See http://www.ietf.org/rfc/rfc2119.txt.
An implementation is not compliant if it fails to satisfy one or more of
the MUST or REQUIRED level requirements for the protocols it implements.
An implementation that satisfies all the MUST or REQUIRED level and all the
SHOULD level requirements for its protocols is said to be "unconditionally
compliant"; one that satisfies all the MUST level requirements but not all
the SHOULD level requirements for its protocols is said to be "conditionally
compliant."
1.3 Terminology
persistent
The quality of retaining state across an environmental boundary
(scope). Such scopes include, but are not limited to, process,
thread, request, and session scopes.
unit
A Python object instance with data (properties) that should be
persisted across scope boundaries.
property
The attributes of a unit which should be persisted.
store
A persistent repository for unit data.
StorageManager
An adapter which provides a Dejavu interface for a store.
expression
A series of stateless operations which returns a value. In Dejavu's
logic implementation, expressions always return True or False.

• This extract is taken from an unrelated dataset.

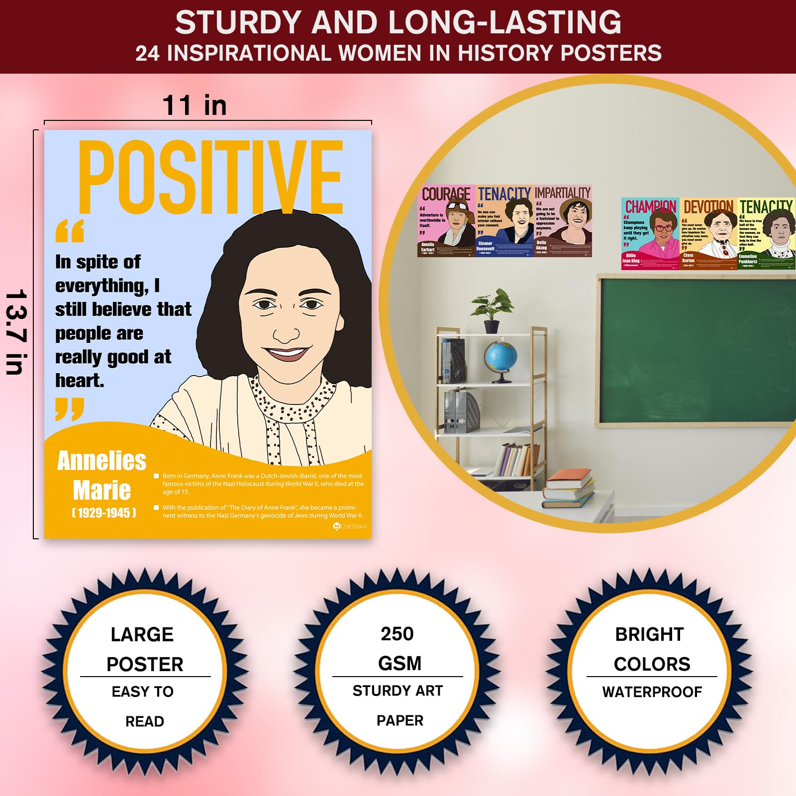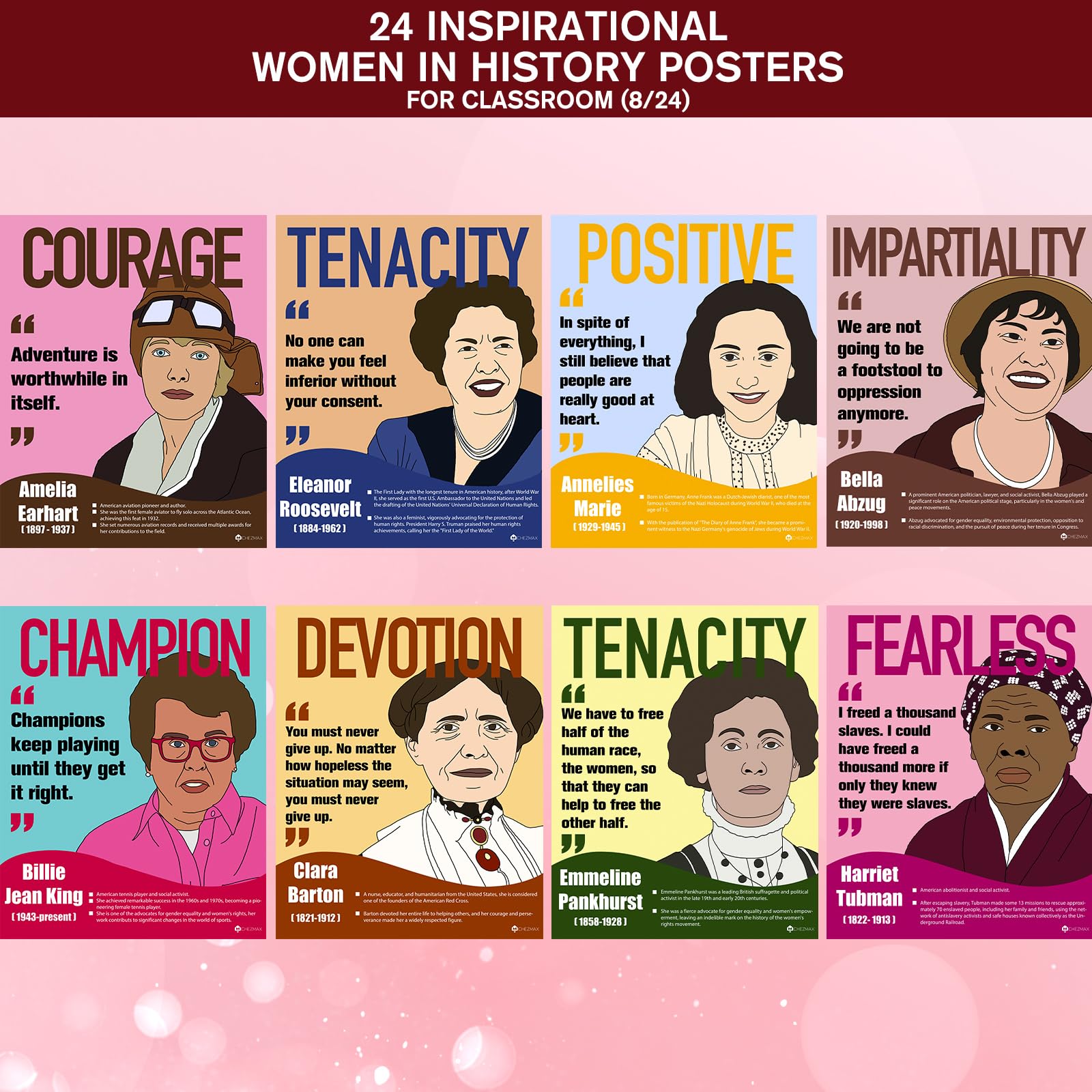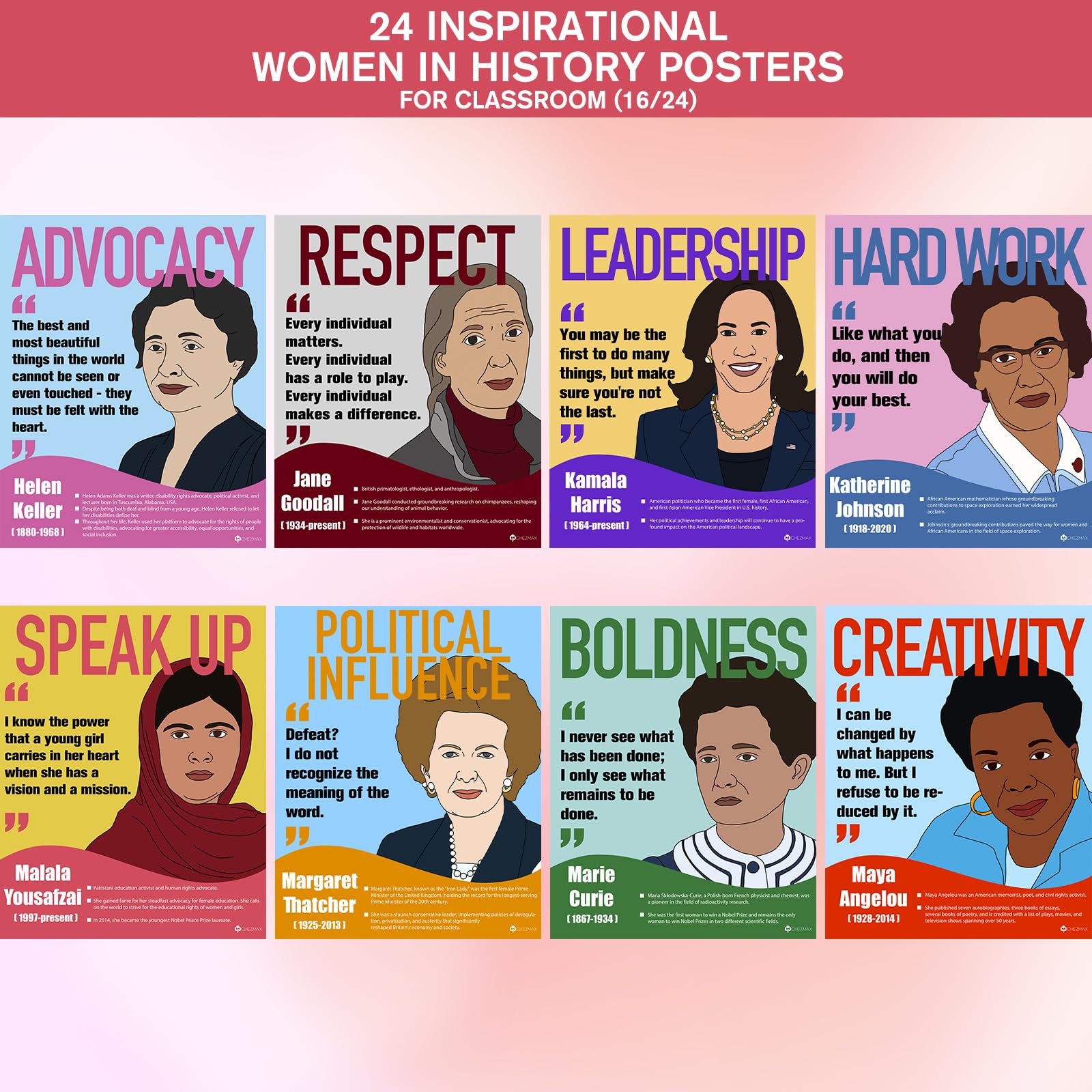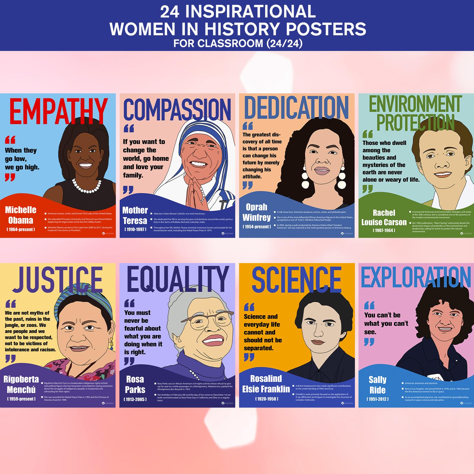 - INSPIRATIONAL 24 WOMEN IN HISTORY POSTERS FOR CLASSROOM: The posters come with a pre-laminated, waterproof surface, so no additional lamination is required. They can be used as self-adhesive or mounted with nails. Dive into the past with our collection of 24 captivating women’s history posters designed for middle/high school classrooms. Each poster unlocks the remarkable lives of history-makers, igniting imagination and inspiring a new generation with vivid depictions of trailblazing women. They are living testaments to resilience, courage, and achievement.

Expressions are used to query stores and filter the results.
1.4 Overview
Dejavu works by hiding the vagaries of various databases (and their even
more capricious Python interfaces) behind a single interface that talks
in terms of "storage" instead of "databases". Databases are simply one
of many means of persisting data between requests, threads, or processes.
By using a generic storage vocabulary and Pure python syntax, developers
can create, query, and manage persistable objects as easily as they do
any others.
2. Models
2.1 Units
Units are defined by classes. Data attributes which are to be persisted
MUST be attributes of the class, and MUST be Unit Properties (section 2.2).
A Unit class MUST contain the following attributes:
2.1.1 identifiers
Unit classes MUST possess an "identifiers" attribute, a tuple of strings
where each string is the name of an existing UnitProperty for that Unit
class.
2.1.2 identity
All Unit classes MUST possess an "identity" method which takes no arguments.
It MUST return a tuple containing the unique identity of the Unit instance.
In addition, Unit classes MAY possess other attributes and methods which
consumers can use to obtain and set calculated and related data.
2.2 Unit Properties
2.3 Unit Associations
3. Storage
Dejavu depends on objects which conform to the StorageManager API. Although
every StorageManager MUST provide the methods below, it is understood that
different implementations may be forced to do so inefficiently, due either
to impedance mismatch between the Dejavu interface and the underlying storage
interface, or to limitations of the underlying storage. However, such
limitations do not absolve the conforming StorageManager from implementing
any of the requirements. In the case where a given implementation is known
to perform some operations slowly, they SHOULD emit a StorageWarning
to that effect.
3.1. Data Definition
All StorageManagers MUST possess the following methods which manipulate
the underlying data structures, bringing them into line with a Dejavu
model.
3.1.1 create_database(conflicts='error')
StorageManagers MUST possess a "create_database" method which prepares a
persistent container for all the StorageManager's contained Unit classes
(see section 3.2 Registration). For some implementations, this MAY be a
no-op (that is, pass and do nothing); however, if the deployer is required
to perform manual steps to prepare the back end (because such steps are not
scriptable), this method MUST raise NotImplemented when called, and SHOULD
provide a short message describing how to manually prepare the container.
If the given backend has already been prepared, this method MUST resolve
the conflict according to the 'conflicts' argument (see section 3.6).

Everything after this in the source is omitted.